One way is to recognise that we have differences.  Not superficial ones like whether we prefer tea or coffee, or follow United or City, but fundamental ones like whether we can see the big picture or spot the tiny mistakes.  Failure to appreciate these significant differences can lead to serious misunderstandings between us that can hamper our ability to function effectively as a team.

These problems can be exacerbated by cross-cultural  issues.  I will say more about this on another occasion but it is always helpful to remember that others in our team may have fundamentally different  understandings of how we relate together, what we’re doing, and even how the common language we use works.

There are also simple personality differences which mean there are people we naturally relate to well and others we don’t hit it off with.  This is not necessarily a failure.  Someone once calculated that in any random group of 12 people there will be at least one whom you don’t like.  Liking is not the issue, but if we’re in the same team together we have to make it work.

In his excellent book Global Member Care: the Pearls and Perils of Good Practice (2011, William Carey Library, Pasadena CA, ISBN 978-0-87808-113-4) Dr Kelly O’Donnell points out that people in your team will fall into one of four groups:

kindred spirit, collegial, enigmatic or irritating. 

These are people you love to be with, and spend time out of work with, people you get along with ok, people you tend to avoid because you don’t really understand them, and the ones you really wish God would move somewhere else!

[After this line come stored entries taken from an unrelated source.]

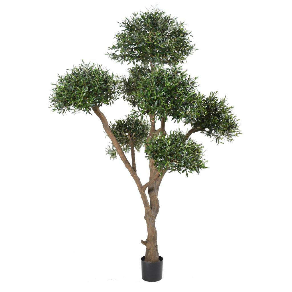 L'Olivier Bonsaï Artificiel Multi Tête, d'une hauteur de 270 cm et d'une largeur de 190 cm, se distingue par sa majesté esthétique et son réalisme verdoyant. Réalisé avec soin en fibres et bois pour le tronc, puis en tergal pour le feuillage, il imite à la perfection la splendeur naturelle de l'arbre méditerranéen, sans exiger son entretien.
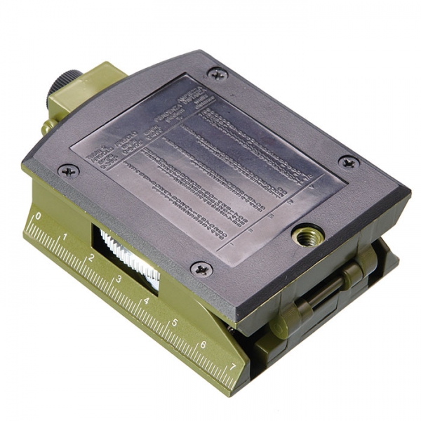 Компас удобно использовать как в открытом, так и закрытом виде (благодаря просмотровому окошку в крышке и выступающему кольцу для выставления азимута). В окошке вытравлена угломерная шкала для определения расстояния между видимыми объектами, формулы приведены на задней стороне корпуса компаса. На боковых частях компаса размечены 15 см линейка и линейка с масштабом 1:25000. Жидкостный уровень и штативная резьба 1/4" позволяют установить компас на штатив с точным выставлением линии горизонта. Компас поставляется в комплекте с нейлоновым чехлом на кнопке.
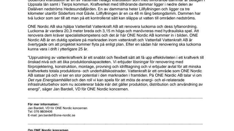 ”Upprustning av vattenkraftverk är ett snabbt och flexibelt sätt att få upp effektiviteten i ett kraftverk till önskad nivå och att öka produktionskapaciteten. Vi erbjuder lösningar för renovering med förprojektering, konstruktion, montage, provning och idrifttagning och vi erbjuder avtal för att minska kraftverkets totala produktions- och underhållskostnader. Vattenkraft är ett område som ONE Nordic AB satsar på och vi ser en stor potential i den marknaden i framtiden. På ONE Nordic AB talar vi om Det nya Energisamhället och den roll vi kan spela för att möta de energi- och el-relaterade infrastrukturbehov som nu accelererar både när det gäller produktion, distribution och användning av energi”, säger Jan Bardell, VD för ONE Nordic koncernen.
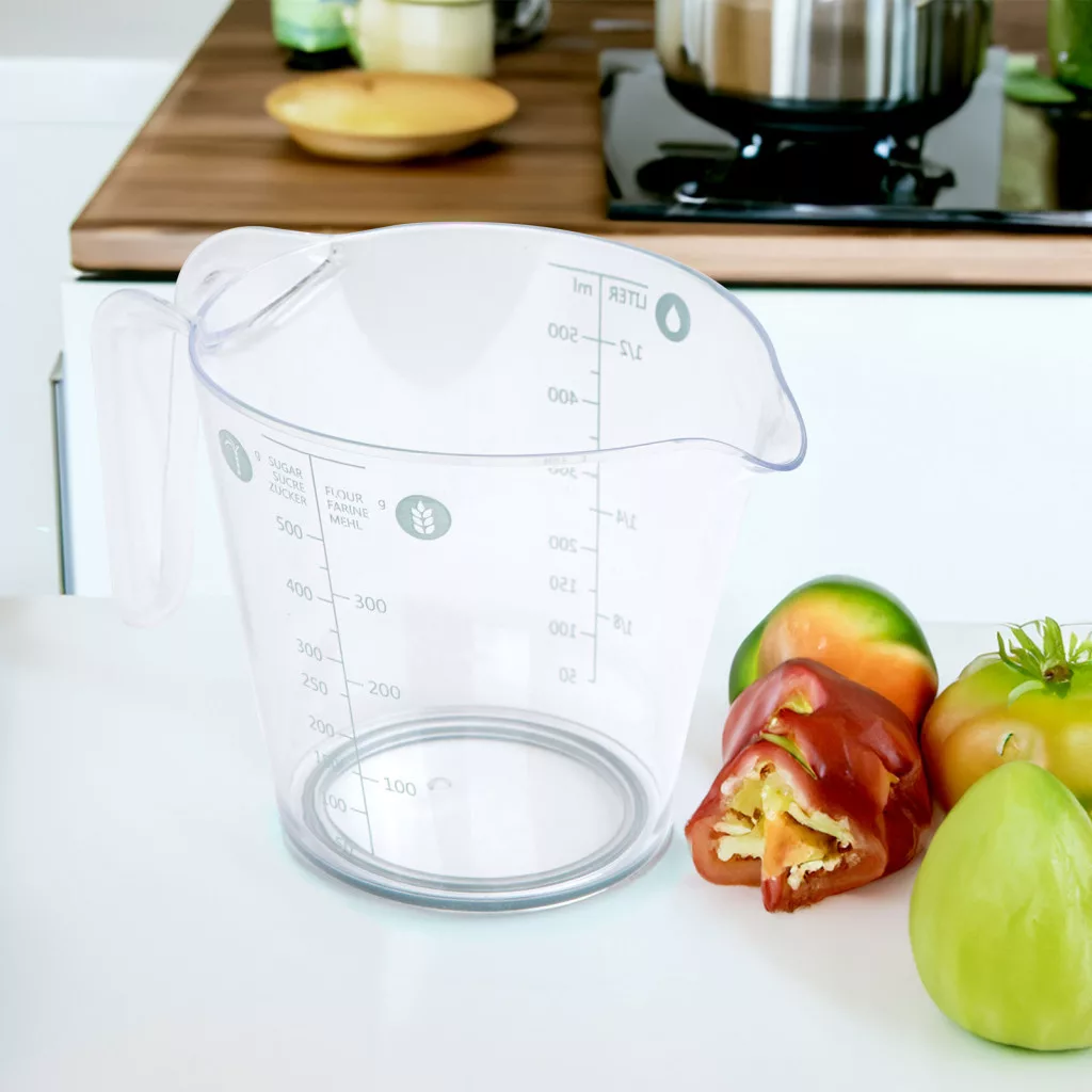 Skálázással elátott mérőpohár, amely segítségével pontosan követheti a receptek által előírt mennyiségeket. Maximum 500 ml folyadék, 500 g cukor vagy 300 g liszt kimérésre alkalmas mérőkancsó.
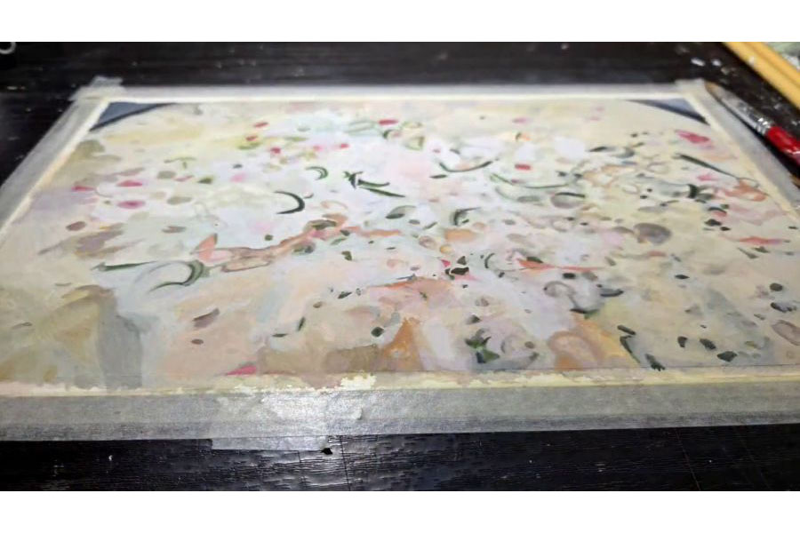 • 筆で丁寧に生地を流していきます。 ※山田めしがさんのX動画より抜粋
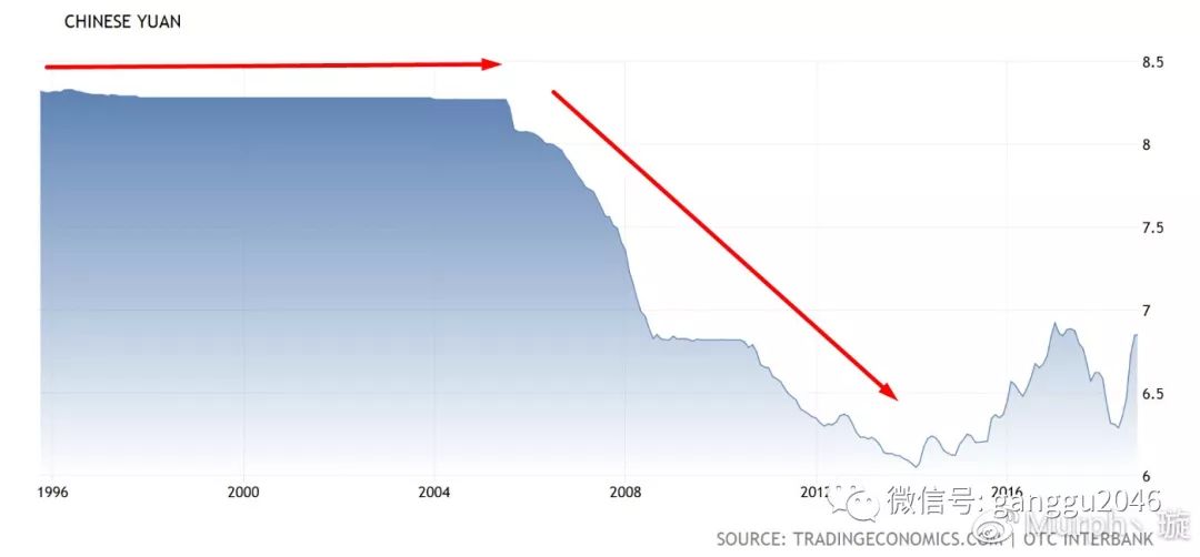 如图为人民币兑美元的汇率,我们发现人民币从1995年到2005年这十年间都被政府强行稳定在8.3这个位置上。但是就像我在贸易战那几篇文章中写到的那样,国际贸易体系毕竟不是只有我们一个玩家,如果我们总想赢,那么别人就不玩了。所以我们不得不在2005年开始允许人民币升值。而人民币升值就会导致出口产品变贵,竞争力下降,而进口产品变的便宜,国内厂商竞争压力陡升。
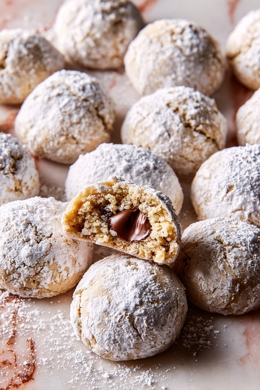 Delightful Nutella-Stuffed Snowball Cookies with toasted hazelnuts, buttery dough, and a sweet Nutella center. These tender, melt-in-your-mouth cookies are coated in confectioners’ sugar, perfect for festive occasions and cookie swaps.

The first two groups are not an issue because you can work with them well.  The third you will have a tendency to misunderstand and the fourth you can frequently fall out with.  These last two groups are the ones that require most effort and emotional energy to deal with, but if we persist, can lead to fruitful working relationships even though we may never become friends.  The annoying people are probably sent by God to be the grain of sand which produces the pearl!

It is important to stress that there is nothing intrinsically wrong with finding a person annoying.  That may simply be a character clash, but it will be helpful to ponder whether contact with that person exposes a personality issue in you which needs to be worked on.  I have found in the past that persevering in developing a relationship with an annoying colleague has helped me to appreciate other less obvious qualities and has led to lasting friendship.

There is an American Indian proverb which says ‘Never judge a man till you have walked a mile in his moccasins.’ In order words, rather than complaining because people at work are difficult to get on with, try to understand why they are difficult.  Realising that there may be a reason why a colleague is hard to get along with may be the first step in learning to get along with him.

This ability to transcend personal dislikes for the sake of the team is what distinguishes excellence from mediocrity.  The United players may not actually like each other or their manager, but their teamwork is excellent.